Looks good to me, with a small nit/comment below,
Acked-by: Jarno Rajahalme <jrajaha...@nicira.com>
Jarno
On Jan 1, 2015, at 11:06 AM, Ben Pfaff <b...@nicira.com> wrote:
> The hidden rules created by in-band control and fail-open should not be
> included in the table stats reported via OpenFlow. I seem to recall that
> this was done correctly in some previous version but it has broken since
> then. This commit fixes the problem and adds a test that should make it
> harder to break again in the future.
>
> Reported-by: Ashok Chippa <a.n.chi...@gmail.com>
> Signed-off-by: Ben Pfaff <b...@nicira.com>
> ---
> ofproto/connmgr.c | 19 ++++++++++++++++++-
> ofproto/connmgr.h | 4 +++-
> ofproto/fail-open.c | 13 ++++++++++++-
> ofproto/fail-open.h | 4 +++-
> ofproto/in-band.c | 10 +++++++++-
> ofproto/in-band.h | 4 +++-
> ofproto/ofproto.c | 6 +++++-
> tests/ofproto.at | 52 ++++++++++++++++++++++++++++++++++++++++++++++++++++
> 8 files changed, 105 insertions(+), 7 deletions(-)
>
> diff --git a/ofproto/connmgr.c b/ofproto/connmgr.c
> index 08abe1e..3d69122 100644
> --- a/ofproto/connmgr.c
> +++ b/ofproto/connmgr.c
> @@ -1,5 +1,5 @@
> /*
> - * Copyright (c) 2009, 2010, 2011, 2012, 2013, 2014 Nicira, Inc.

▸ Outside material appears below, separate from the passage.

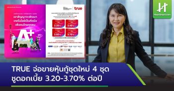 HoonSmart.com>> “ทรู คอร์ปอเรชั่น” (TRUE) เตรียมเปิดขายหุ้นกู้ชุดใหม่ให้แก่ผู้ลงทุนทั่วไป จำนวน 4 ชุด อายุระหว่าง 4 ปีถึง 10 ปี อัตราดอกเบี้ยคงที่ระหว่าง 3.20–3.85% ต่อปี พร้อมจ่ายดอกเบี้ยทุกๆ 6 เดือน ชูเครดิต “A+” ตอบโจทย์นักลงทุนมองหาโอกาสสร้างรายได้ที่มั่นคง คาดเปิดจอง 31 ก.ค.นี้ , 1 และ 4 ส.ค. ผ่าน 7 สถาบันการเงินชั้นนำ

> + * Copyright (c) 2009, 2010, 2011, 2012, 2013, 2014, 2015 Nicira, Inc.
> *
> * Licensed under the Apache License, Version 2.0 (the "License");
> * you may not use this file except in compliance with the License.
> @@ -1980,6 +1980,23 @@ connmgr_flushed(struct connmgr *mgr)

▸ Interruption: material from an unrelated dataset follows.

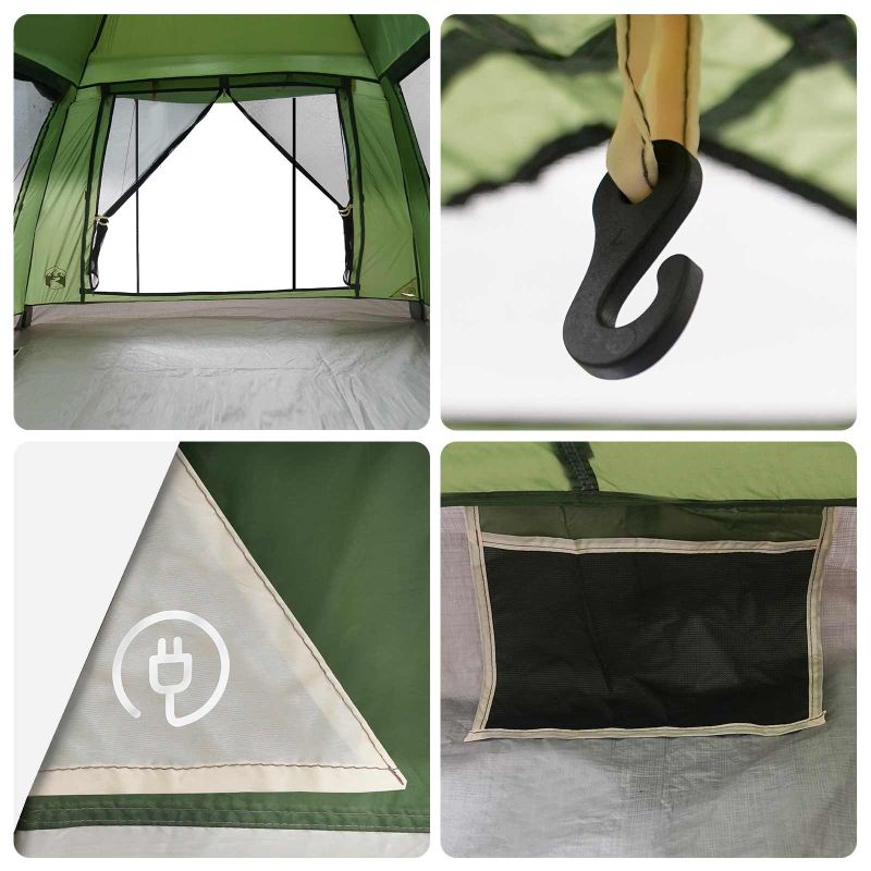 Dieses Instant Zelt ist eine tolle Lösung für alle, die beim Campen Komfort und Bequemlichkeit möchten. Es lässt sich schnell aufbauen und ist robust – perfekt für Abenteuer im Sommer. Mit Platz für drei Personen und einem coolen modernen Design passt es super zu unterschiedlichen Outdoor-Situationen. Das kompakte und tragbare Design macht es zu einer Top-Wahl für alle, die das Abenteuer lieben und zuverlässigen Schutz suchen. Wasserdichtes Polyester Material Aus 185T Polyester mit PU-Beschichtung, das euch auch bei einem Regenschauer trocken hält. Und: es ist UV-beständig, damit ihr auch bei strahlendem Sonnenschein geschützt seid. Umfassendes Komponentenpaket Kommt mit vorinstallierten Stangen, einer abnehmbaren Regenplane für besseren Schutz, sechs Abspannleinen für Stabilität und einer Tragetasche für easy Transport. Die 10 mitgelieferten Heringe sorgen dafür, dass das Zelt selbst bei windigem Wetter bleibt, wo es sein soll. Intelligente Designmerkmale Mit zwei Reißverschlusstüren für leichten Zugang und Belüftung, leicht erreichbaren Netzfüchern für eure Sachen. Der praktische E-Port sorgt für Stromzugang und das Schnellverschlusssystem ermöglicht ruckzuckes Aufbauen und Abbauen. Praktische Anwendungen Ideal für Sommer-Camping, Rucksackreisen, Festivals oder einfach mal fürs Wochenende. Durch die speziellen Eigenschaften ist es super geeignet für all die, die in der Natur zuverlässigen Schutz suchen. Einfache Pflegehinweise Ein feuchtes Tuch reicht, um das Zelt sauber zu halten, und sorgt dafür, dass es auch nach dem Campingtrip gut aussieht. Ihr braucht keine starken Reinigungsmittel; ein einfaches Abwischen reicht aus.

> ofpbuf_uninit(&ofpacts);
> }
> }
> +
> +/* Returns the number of hidden rules created by the in-band and fail-open
> + * implementations in table 0. (Subtracting this count from the number of
> + * rules in the table 0 classifier, as returned by classifier_count(), yields
> + * the number of flows that OVS should report via OpenFlow for table 0.) */
> +int
> +connmgr_count_hidden_rules(const struct connmgr *mgr)
> +{
> + int n_hidden = 0;
> + if (mgr->in_band) {
> + n_hidden += in_band_count_rules(mgr->in_band);
> + }
> + if (mgr->fail_open) {
> + n_hidden += fail_open_count_rules(mgr->fail_open);
> + }
> + return n_hidden;
> +}
>
> /* Creates a new ofservice for 'target' in 'mgr'. Returns 0 if successful,
> * otherwise a positive errno value.
> diff --git a/ofproto/connmgr.h b/ofproto/connmgr.h
> index c0f7c35..dd1a027 100644
> --- a/ofproto/connmgr.h
> +++ b/ofproto/connmgr.h
> @@ -1,5 +1,5 @@
> /*
> - * Copyright (c) 2009, 2010, 2011, 2012, 2013, 2014 Nicira, Inc.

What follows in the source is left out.